Nothing after the line with "Hình 9. Phân" belongs in the copy; extract the lines below from the top through that line, pictures left out.
-- -- --
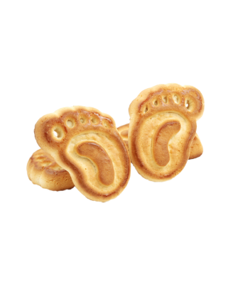 Печенье со вкусом и ароматом сгущенного молока в форме отпечатка детской ступни
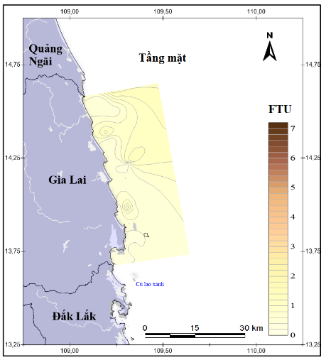 Hình 9. Phân bố độ đục nước biển (FTU) vùng biển ven bờ Gia Lai vào mùa gió Tây Nam (6/2024)
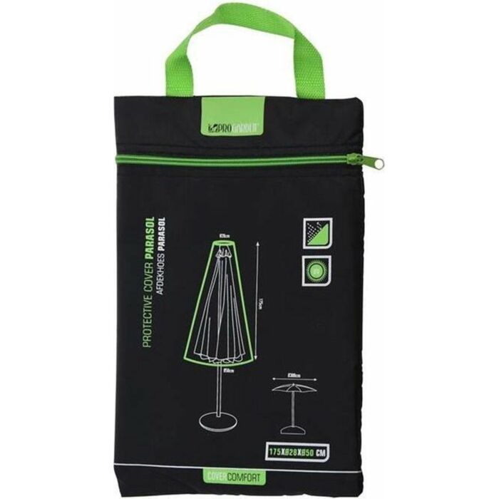 De afdekhoes is ontworpen om je parasol te beschermen tegen regen, zonneschijn, vorst, vuil en bladeren. Het minimalistische ontwerp in de kleur zwart maakt het een stijlvolle aanvulling op je tuinmeubilair, terwijl het ook functioneel is. De hoes kan eenvoudig over de parasol worden geplaatst en zorgt voor een strakke pasvorm die meebeweegt met de wind.
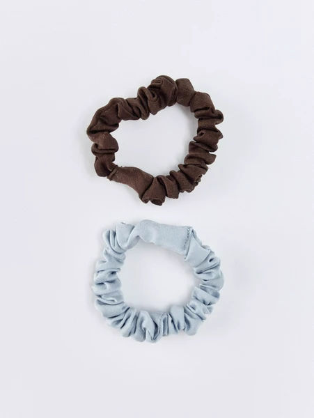 В наборе вы найдете две резинки: одна выполнена в классическом коричневом цвете, что делает ее универсальной для любого образа, добавляя тепла. Вторая резинка представлена в нежном голубом оттенке, который придает образу свежести и легкости. Оба аксессуара изготовлены из высококачественного материала, обеспечивающего деликатный уход за вашими волосами. Они надежно фиксируют пряди, не стягивая кожу головы и не оставляя неприятных заломов, сохраняя здоровье и красоту ваших волос.
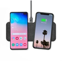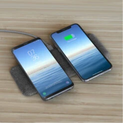 Charge your devices wirelessly with the Dual Wireless Charging Pad from Nimble! Made from eco-friendly materials like fabric from recycled water bottles & organic hemp, and a bioplastic interior, this device charges newer iPhones, Samsungs, Androids, AirPods (2nd Generation) and Google Pixel 3 on contact. Advanced technology and built in thermal management means safe and efficient charging without a noisy fan! Plus, Nimble donates 1% of sales to environmental non-profits, and sends you an envelope to recycle 1 pound of e-waste for every product purchased!
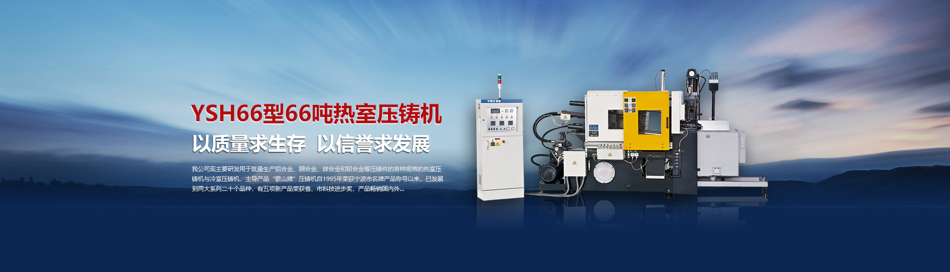 我司現主要研發用于批量加工生產鋁合金、銅合金、鋅合金和鉛合金等壓鑄件的各種型號規格的熱室/冷室壓鑄機,主導產品“銀山牌”壓鑄機自1995年榮獲寧波市名牌產品稱號以來,已發展到兩大系列二十個品種,有五項產品曾榮獲省、市科技進步獎,產品暢銷國內外。歷年來向用戶提供了8000余臺設備,為中國的壓鑄工業發展作出了重要的貢獻,企業獲得了很高的信譽度。
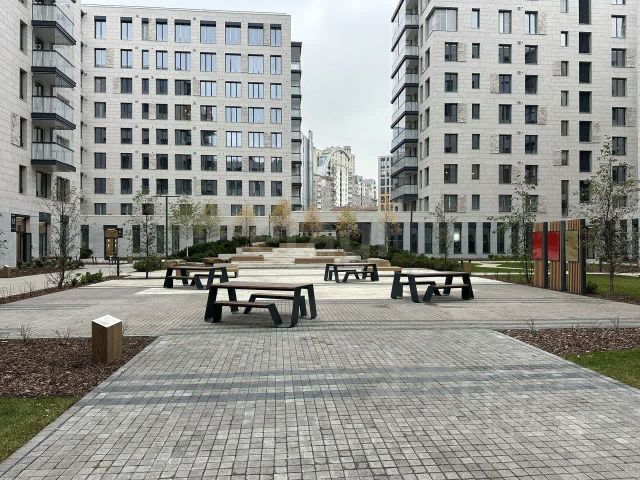 Внутренний двор включает детские и спортивные площадки, зоны отдыха и прогулочные аллеи, создавая комфортные условия для жителей
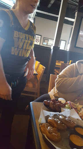 Waited 30-40 minutes this visit for food. Last time I called in my entire order for take out arrived to be told they had forgotten my order. Then it took an hour. If someone is giving them 5 star reviews its the people that work there. The worst Buffalo wild wings in the USA.
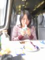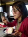 16:14:55 Chie enjoying a cake purchased in Edinburgh's Harvey Nichols. |
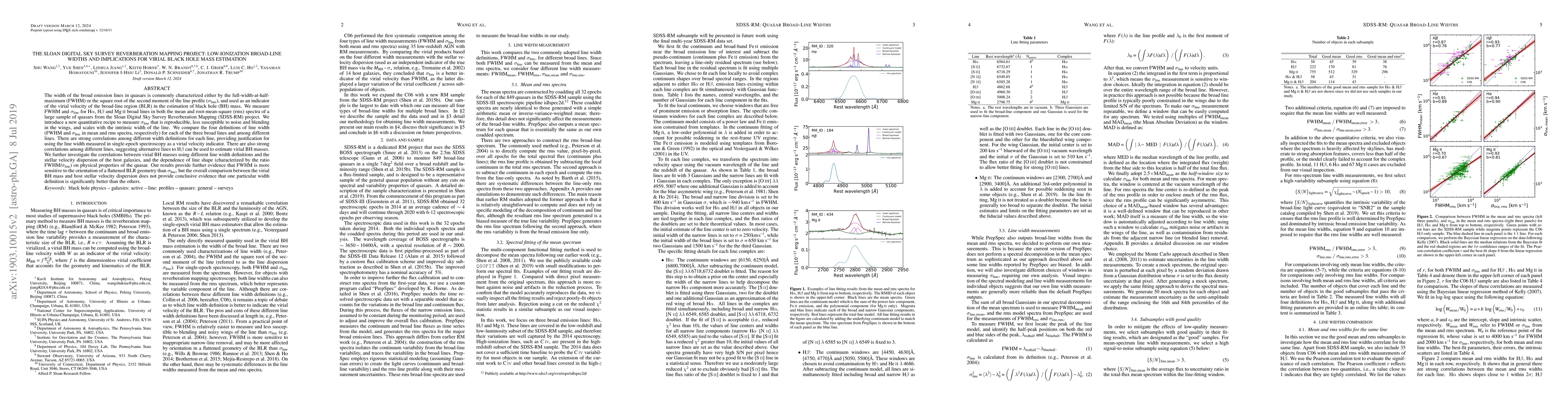 The Sloan Digital Sky Survey Reverberation Mapping Project measures the widths of broad emission lines in quasars to estimate black hole masses, finding strong correlations among different line width definitions and suggesting alternative lines to Hβ. The study does not conclusively determine which width definition is superior for mass estimation.
-- -- --
- [Task response]:
 Печенье со вкусом и ароматом сгущенного молока в форме отпечатка детской ступни
 Hình 9. Phân bố độ đục nước biển (FTU) vùng biển ven bờ Gia Lai vào mùa gió Tây Nam (6/2024)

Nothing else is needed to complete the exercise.